▸ Work instruction
When you reach the line containing "La radio du", begin reproducing the material exactly, stop after the line containing "Det större bordet", and leave out any pictures along the way.
═══ Material for this exercise ═══
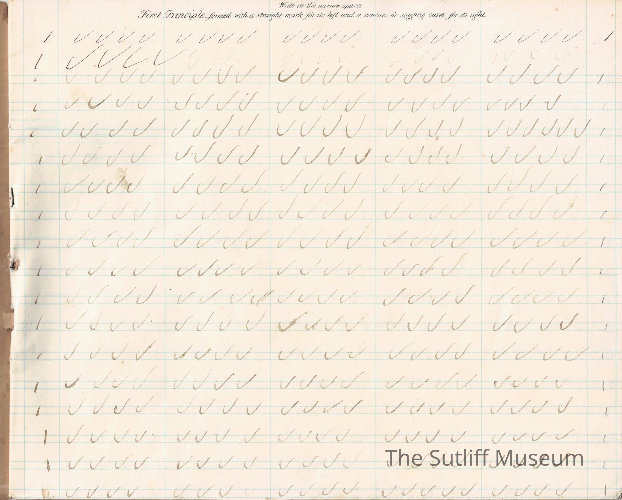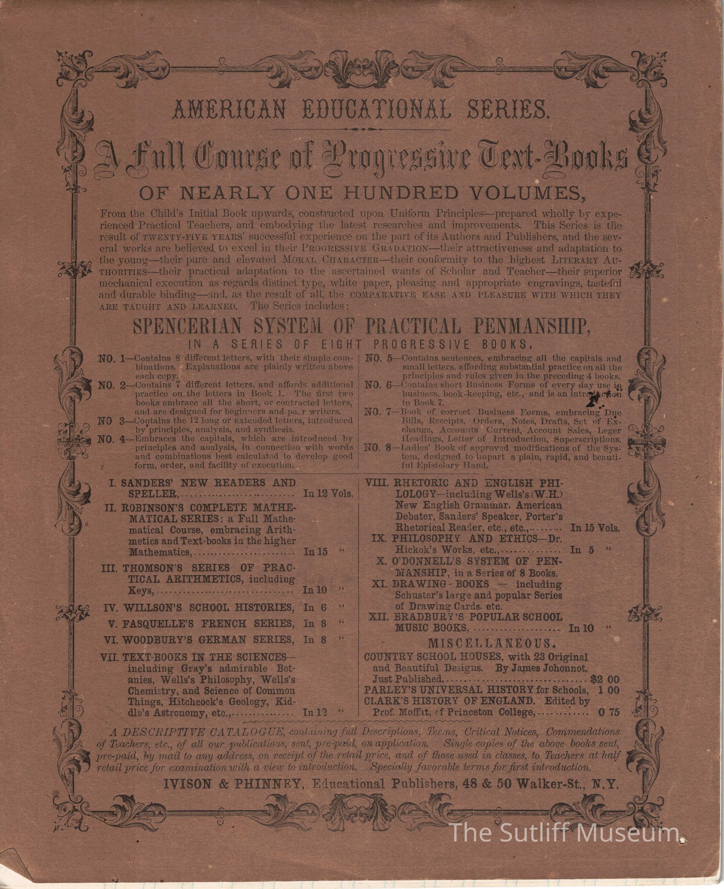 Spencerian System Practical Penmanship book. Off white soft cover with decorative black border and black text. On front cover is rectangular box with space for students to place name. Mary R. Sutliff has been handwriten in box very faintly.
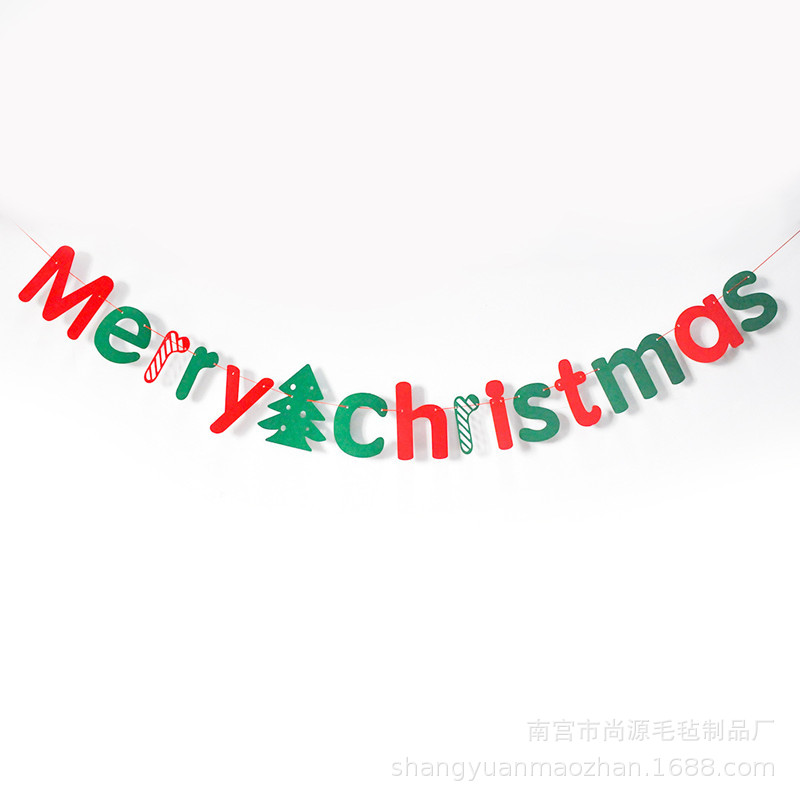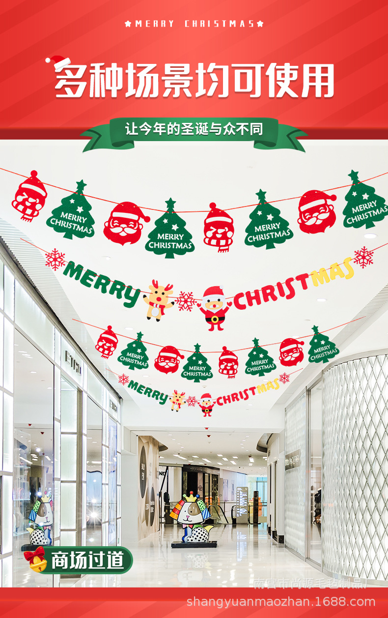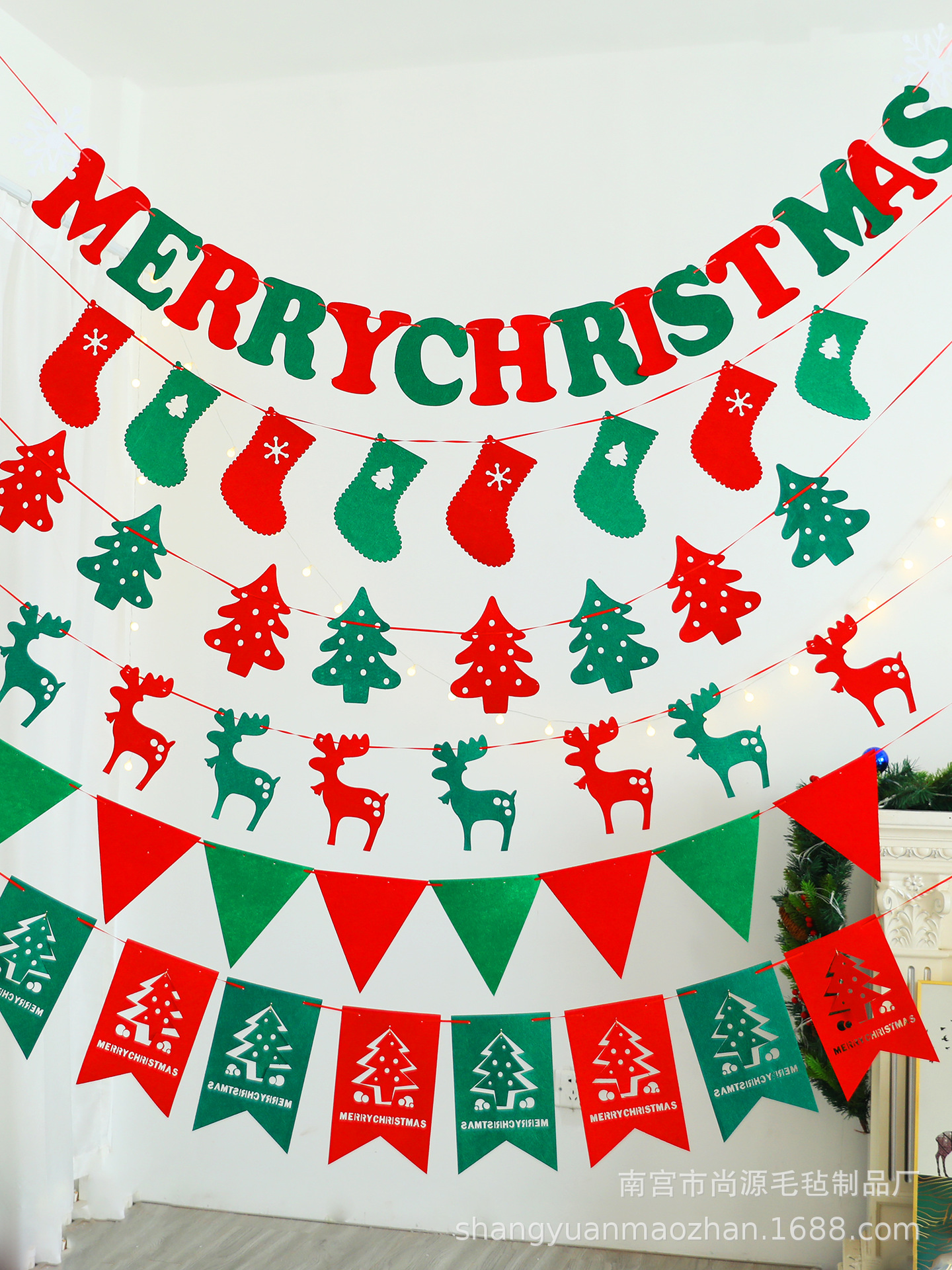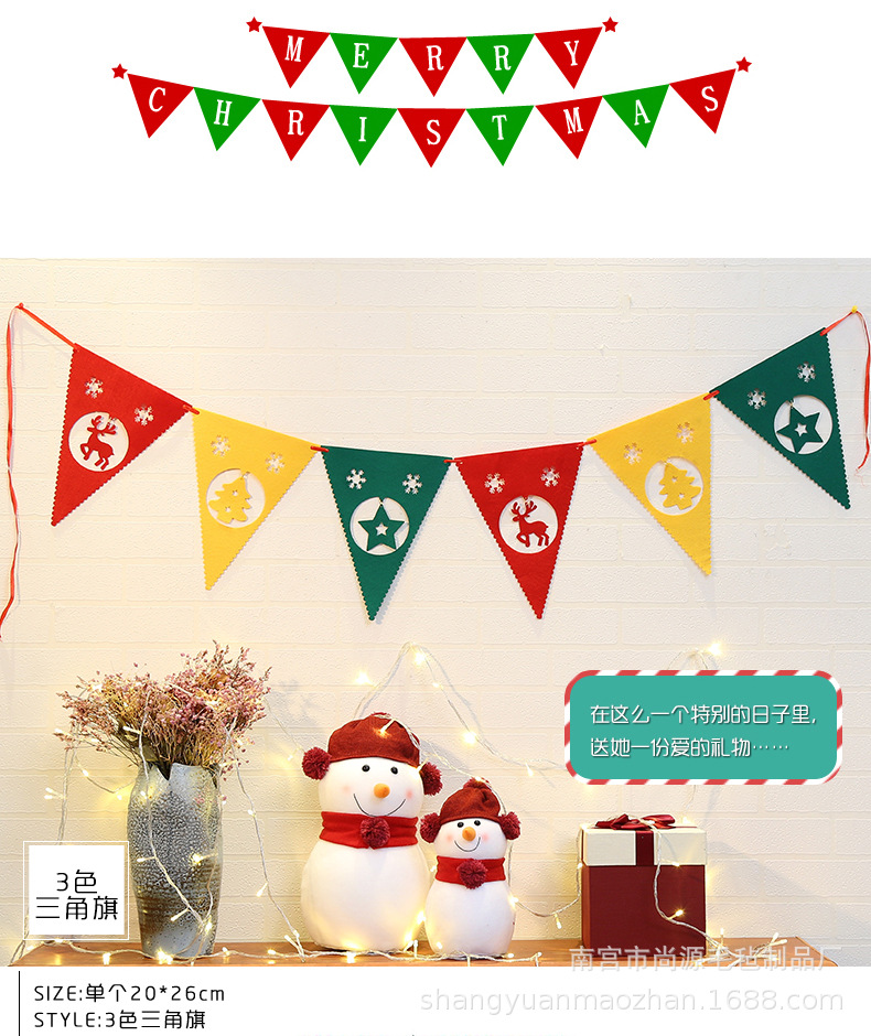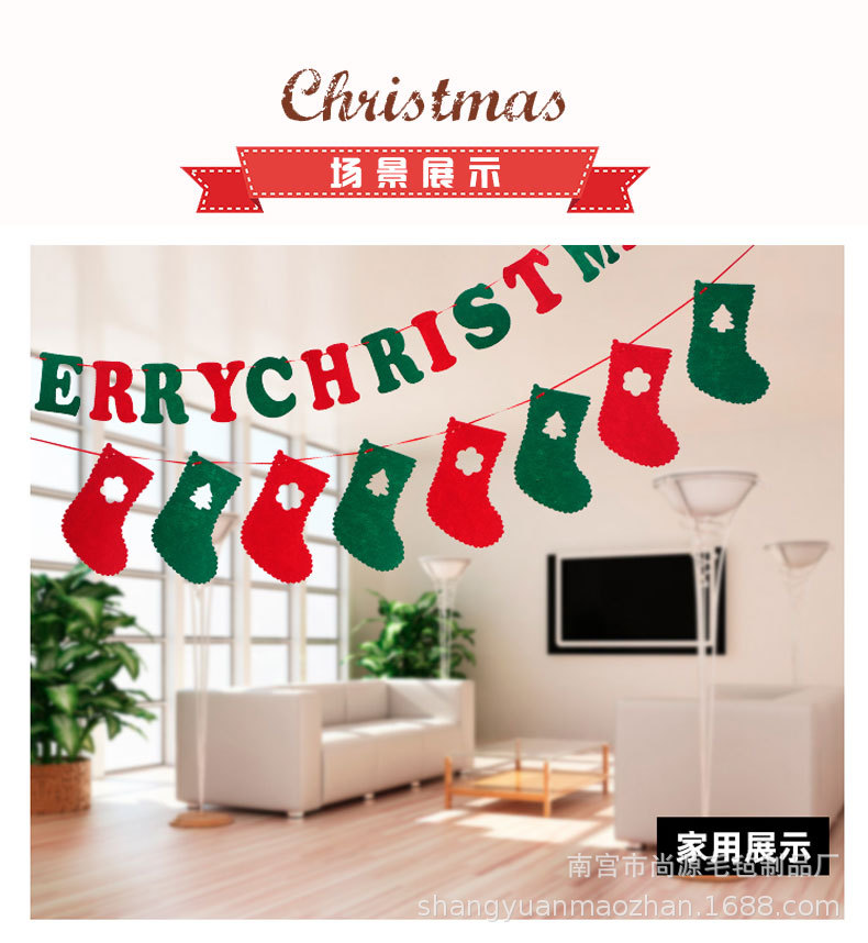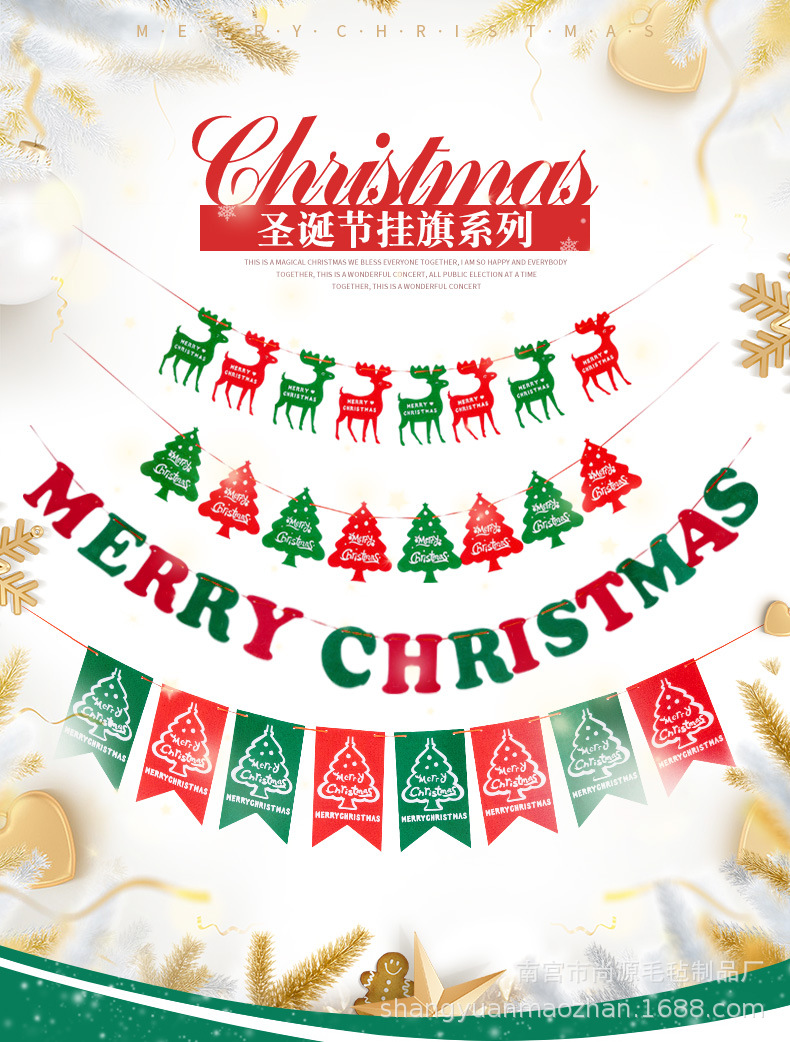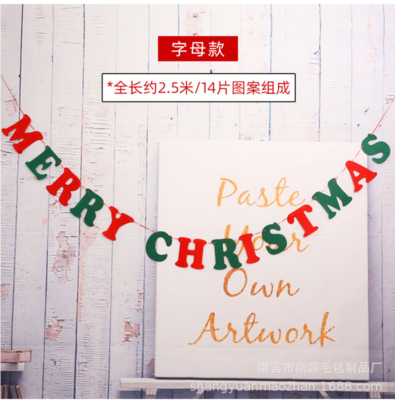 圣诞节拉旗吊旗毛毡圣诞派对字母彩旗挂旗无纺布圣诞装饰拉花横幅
═══
═══ Material for this exercise ═══
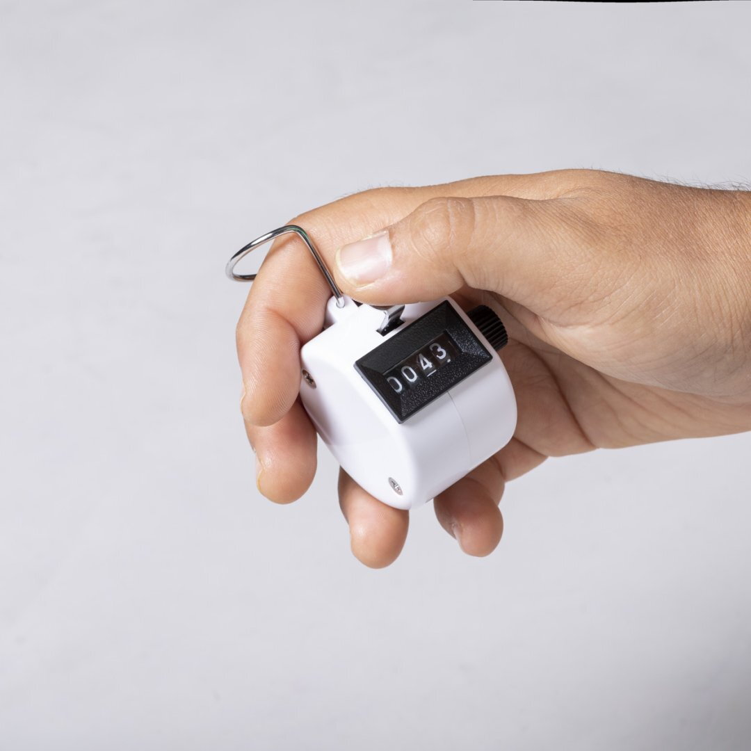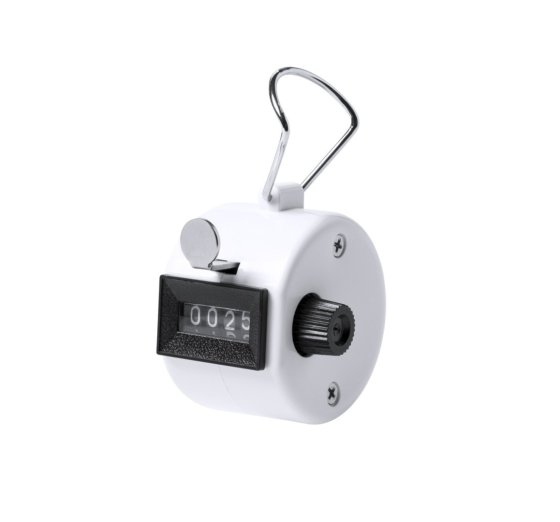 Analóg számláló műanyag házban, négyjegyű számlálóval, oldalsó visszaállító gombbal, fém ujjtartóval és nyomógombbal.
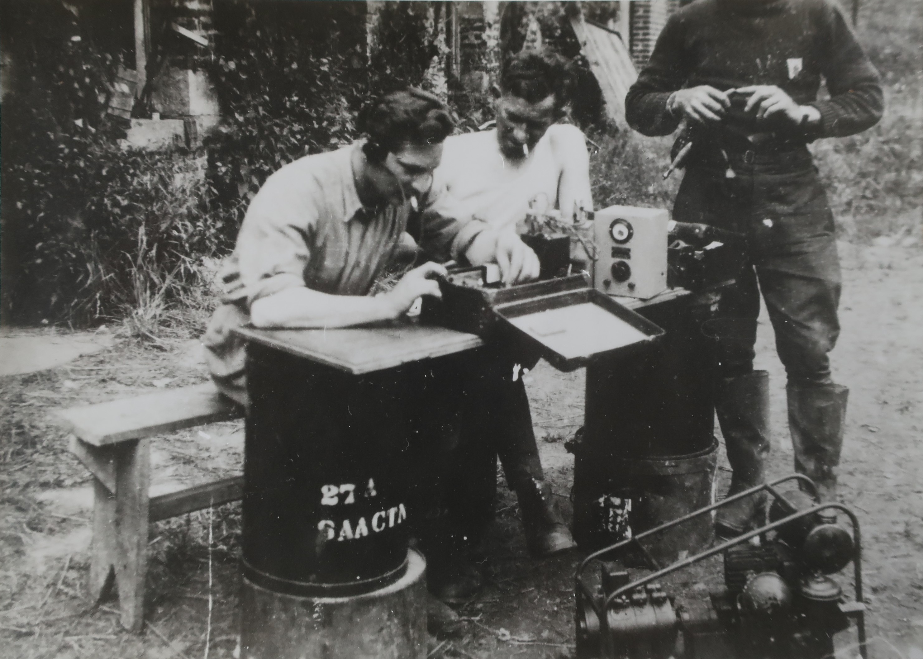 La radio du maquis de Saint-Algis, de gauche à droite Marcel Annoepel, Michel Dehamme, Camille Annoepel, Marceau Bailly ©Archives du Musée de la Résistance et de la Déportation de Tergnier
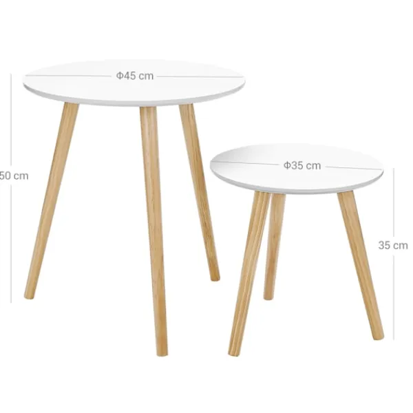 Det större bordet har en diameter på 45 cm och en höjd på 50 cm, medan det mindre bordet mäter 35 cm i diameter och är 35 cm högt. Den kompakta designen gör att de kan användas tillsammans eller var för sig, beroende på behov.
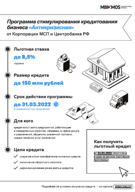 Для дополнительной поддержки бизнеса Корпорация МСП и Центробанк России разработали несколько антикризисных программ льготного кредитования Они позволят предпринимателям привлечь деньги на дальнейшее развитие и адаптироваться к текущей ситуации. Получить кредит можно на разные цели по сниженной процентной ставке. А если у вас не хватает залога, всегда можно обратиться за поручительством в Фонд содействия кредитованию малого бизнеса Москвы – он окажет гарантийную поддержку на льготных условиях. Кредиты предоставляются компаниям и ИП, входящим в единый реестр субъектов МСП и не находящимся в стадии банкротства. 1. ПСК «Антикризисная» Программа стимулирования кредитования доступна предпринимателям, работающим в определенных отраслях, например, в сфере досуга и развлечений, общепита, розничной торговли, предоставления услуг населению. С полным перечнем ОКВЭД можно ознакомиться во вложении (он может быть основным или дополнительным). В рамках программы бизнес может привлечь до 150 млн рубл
═══
▸ Your solution
 La radio du maquis de Saint-Algis, de gauche à droite Marcel Annoepel, Michel Dehamme, Camille Annoepel, Marceau Bailly ©Archives du Musée de la Résistance et de la Déportation de Tergnier
 Det större bordet har en diameter på 45 cm och en höjd på 50 cm, medan det mindre bordet mäter 35 cm i diameter och är 35 cm högt. Den kompakta designen gör att de kan användas tillsammans eller var för sig, beroende på behov.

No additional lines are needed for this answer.